| SUPPLIED DATA |
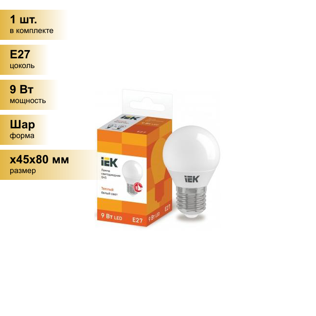 IEK шар G45 E27 9W(810lm) 3000К 3K ECO LLE-G45-9-230-30-E27
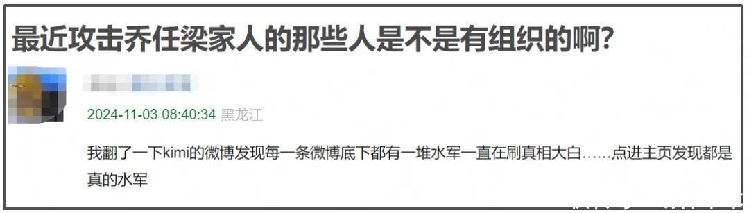 这群人混在粉丝中间,不断地带节奏、编故事,炒作社会舆论,目的是什么不言而喻,一些人不明辨是非,乔家人也因此遭到了网暴。
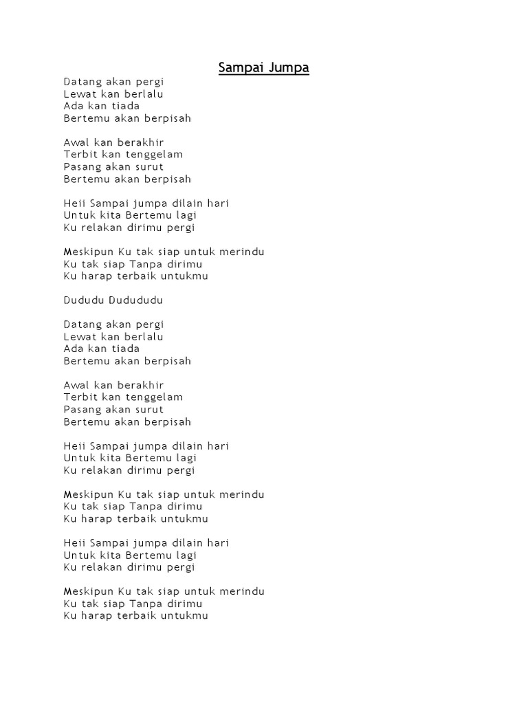 Untuk kita bertemu lagi ku relakan dirimu pergi. Andaikan ku terima cinta suciku. Lirik lengkap lagu Sampai Jumpa yang dinyanyikan awak kapal KRI Nanggala 402.

| TASK DETAILS |
When you retype the material above, keep every word exact and drop the images.

| SOLUTION TO THIS EXERCISE |
 IEK шар G45 E27 9W(810lm) 3000К 3K ECO LLE-G45-9-230-30-E27
 这群人混在粉丝中间,不断地带节奏、编故事,炒作社会舆论,目的是什么不言而喻,一些人不明辨是非,乔家人也因此遭到了网暴。
 Untuk kita bertemu lagi ku relakan dirimu pergi. Andaikan ku terima cinta suciku. Lirik lengkap lagu Sampai Jumpa yang dinyanyikan awak kapal KRI Nanggala 402.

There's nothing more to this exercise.